# [Work item]
Could you retype the records word for word but without any pictures?

# [Task data]
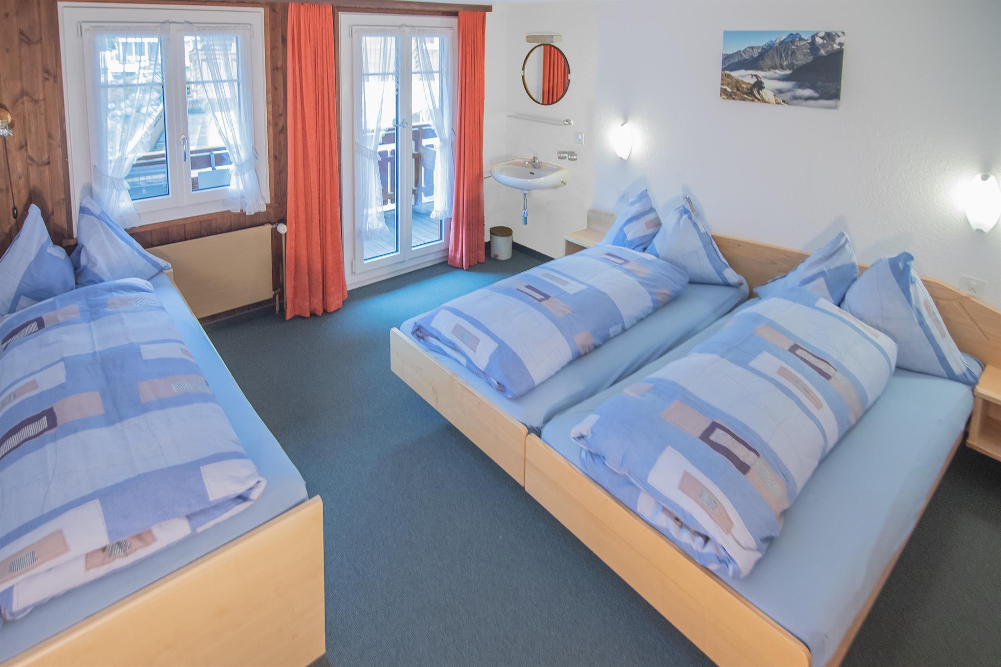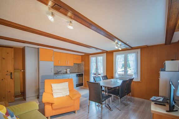 3-Zimmerwohnung (60 m2), 3.Stock, 1 Doppel und 1 Dreibettzimmer, Wohnzimmer mit neu renovierter Küche mit Geschirrspüler, Dusche, Südbalkon mit Ausblick auf die Berge, gratis W-Lan. Kabelfernsehen. Haus im Chaletstil erbaut, Wohnungsausstattung rustikal und komfortabel, zentrale und ruhige Lage, schöne Aussicht auf die Bergwelt. Kurtaxe wird separat einkassiert. Haustiere nicht gestattet.
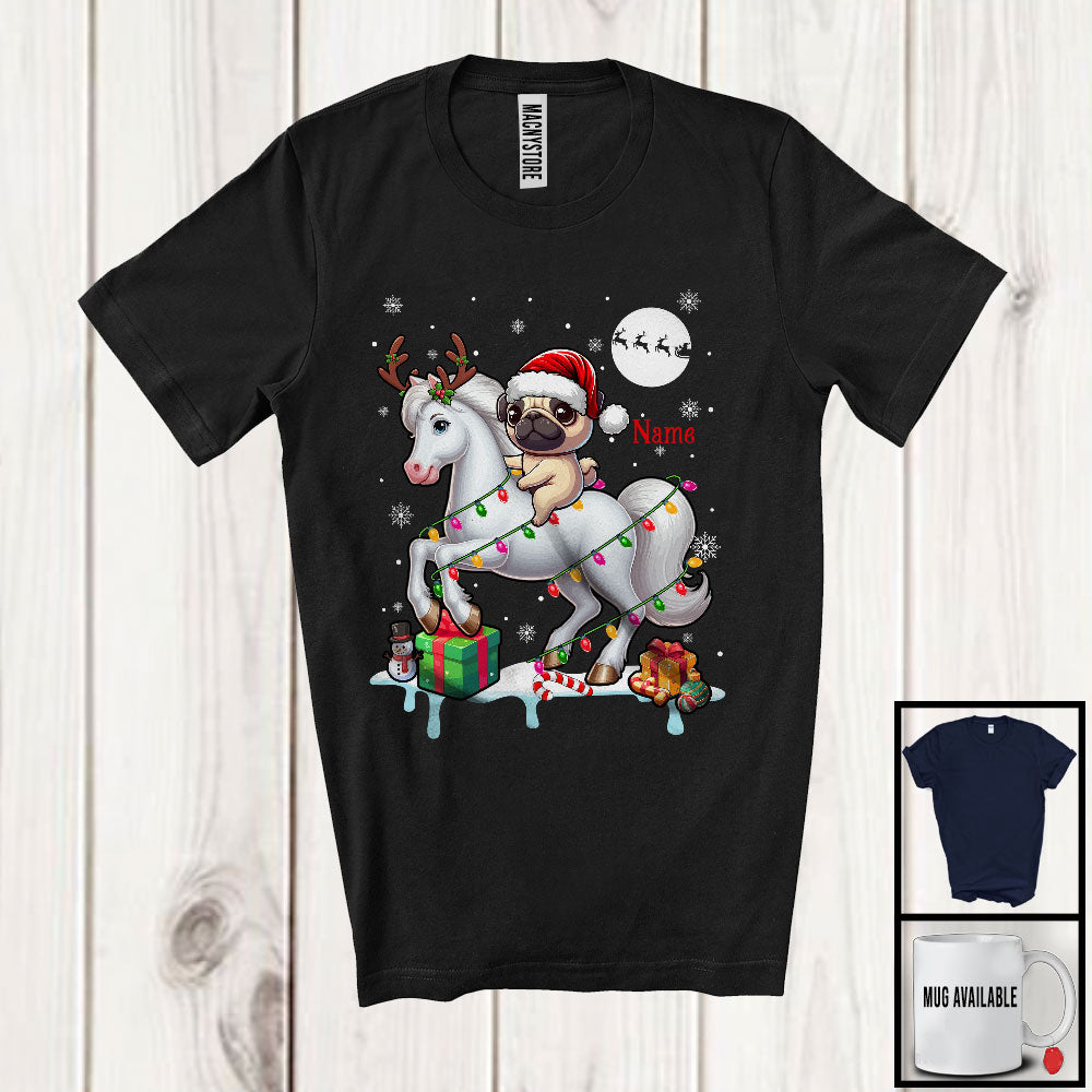 Personalized Custom Name Santa Pug Riding Reindeer Horse; Adorable Christmas Lights Snow T-Shirt
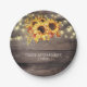 Rustic retirement party paper plates with watercolor sunflowers and string lights on a wood background. Rustic festive style for your celebration.
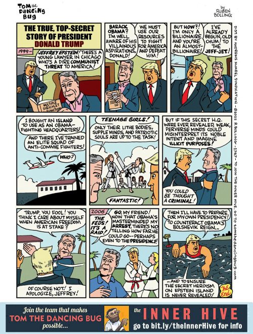 Reginald Selkirk says 14 November 2025 at 6:29 pm Cannot make this shit up. At Trump’s urging, US Justice Department to probe Epstein ties with Democrats
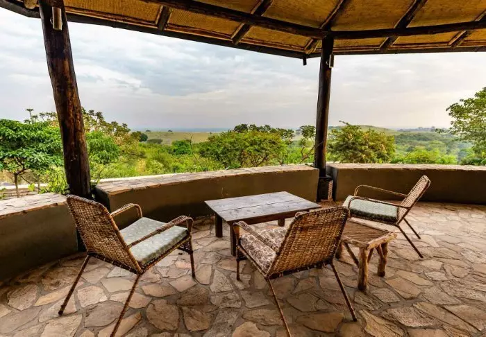 Den rustikke Kyambura Gorge Lodge ligger lige på grænsen til Queen Elizabeth Nationalpark på en af Kyambura Gorge-kløftens skrænter og har med sin beliggenhed en betagende udsigt over savannen og Kyambura Gorge, der i folkemunde også kaldes ”Valley of the Apes”.
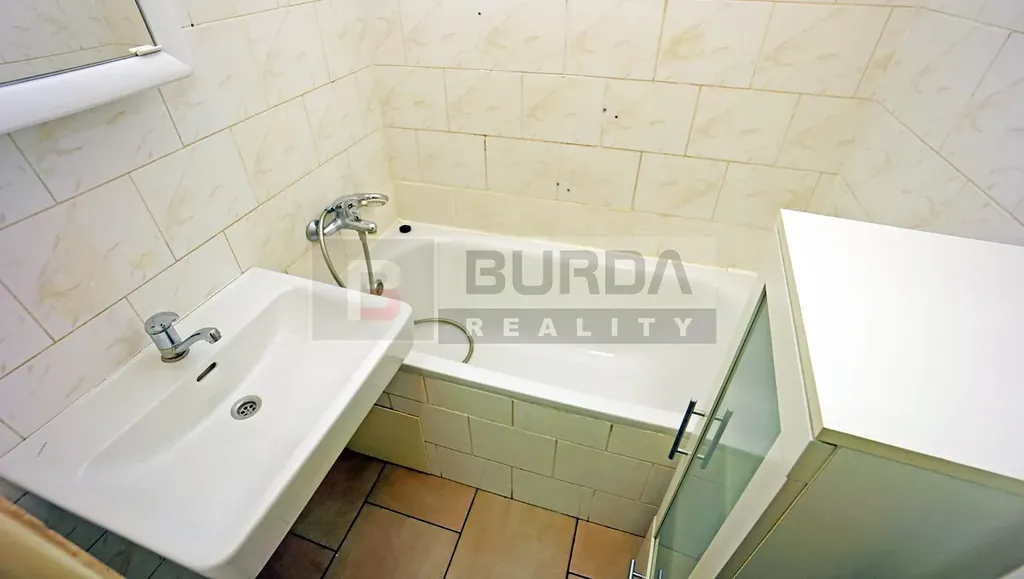 V koupelně je vana, umyvadlo, zrcadlo a skříňka. Koupelnou prochází silná stoupačka vytápění a krásně koupelnu prohřeje.

# [Answer section]
 3-Zimmerwohnung (60 m2), 3.Stock, 1 Doppel und 1 Dreibettzimmer, Wohnzimmer mit neu renovierter Küche mit Geschirrspüler, Dusche, Südbalkon mit Ausblick auf die Berge, gratis W-Lan. Kabelfernsehen. Haus im Chaletstil erbaut, Wohnungsausstattung rustikal und komfortabel, zentrale und ruhige Lage, schöne Aussicht auf die Bergwelt. Kurtaxe wird separat einkassiert. Haustiere nicht gestattet.
 Personalized Custom Name Santa Pug Riding Reindeer Horse; Adorable Christmas Lights Snow T-Shirt
 Rustic retirement party paper plates with watercolor sunflowers and string lights on a wood background. Rustic festive style for your celebration.
 Reginald Selkirk says 14 November 2025 at 6:29 pm Cannot make this shit up. At Trump’s urging, US Justice Department to probe Epstein ties with Democrats
 Den rustikke Kyambura Gorge Lodge ligger lige på grænsen til Queen Elizabeth Nationalpark på en af Kyambura Gorge-kløftens skrænter og har med sin beliggenhed en betagende udsigt over savannen og Kyambura Gorge, der i folkemunde også kaldes ”Valley of the Apes”.
 V koupelně je vana, umyvadlo, zrcadlo a skříňka. Koupelnou prochází silná stoupačka vytápění a krásně koupelnu prohřeje.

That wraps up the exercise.